Siliceous cement is generally developed in reservoirs of the Lucaogou Formation, mainly in the form of quartz overgrowths (Figure 9g). Feldspar grains produce a large amount of SiO2 during the dissolution process, thus providing an adequate source of material for quartz overgrowths; therefore, this process is often accompanied by the dissolution of feldspar grains. Because of the low solubility of SiO2 in the closed system composed of sand and mudstone, there is basically no external ion source in the siliceous cement of the Lucaogou Formation. Therefore, the endogenous source becomes the only material source of siliceous cement, mainly through the transformation of clay minerals and the dissolution of feldspar grains. The higher the quartz content in the mineral composition, the more obvious the phenomenon of siliceous cementation is, and the more common the phenomenon of quartz overgrowths becomes [52,53]. Compared with the relatively high GR values of the tightly compacted facies, the GR values of the quartz-cemented facies were lower (average 88.3 API), DEN values were medium and high (average 2.4 g/cm3); and AC values were lower (average 74.6 μs/ft) (Table 2, Figure 8 and Figure 10).

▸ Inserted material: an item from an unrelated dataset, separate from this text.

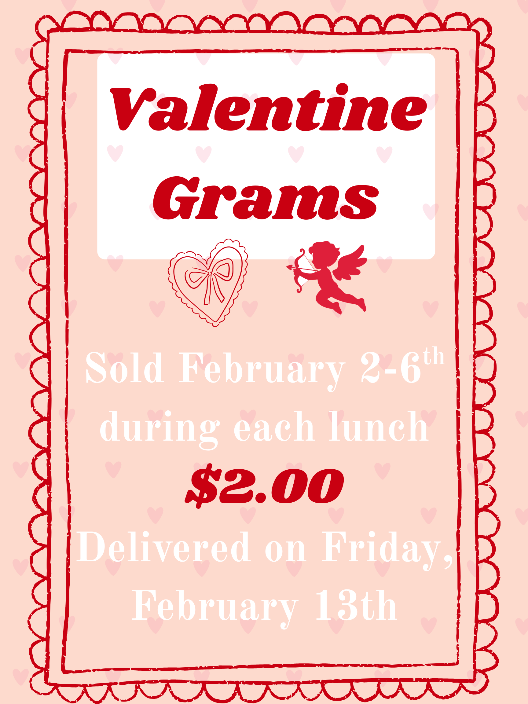 Valentine's Grams Purchase your Valentine's grams from 2/2 - 2/6 during lunches for $2 to be delivered 2/13/2026. Click for more details

5.1.5. Clay Mineral-Filling Facies

Clay mineral cements mainly include honeycomb I/S cement, filamentary illite, flaky cement, fluffy ball authigenic chlorite, and other minerals (Figure 9h,i). The Lucaogou Formation mainly developed with two-stage clay mineral cementation, where the primary pores and the flaky chlorite in the dissolution pores reduced the connectivity of the pore roar, and the presence of the I/S mixed-layer filled the pores [52,54,55]. Compared with the tightly compacted facies, the clay mineral-filling facies had lower mineral content and, therefore, moderate GR values (average 85.4 API). The presence of clay minerals made DEN values relatively low (average 2.36 g/cm3), AC values were high (average 84.6 μs/ft), and there were high CNL values (average 32%) (Table 2, Figure 8 and Figure 10).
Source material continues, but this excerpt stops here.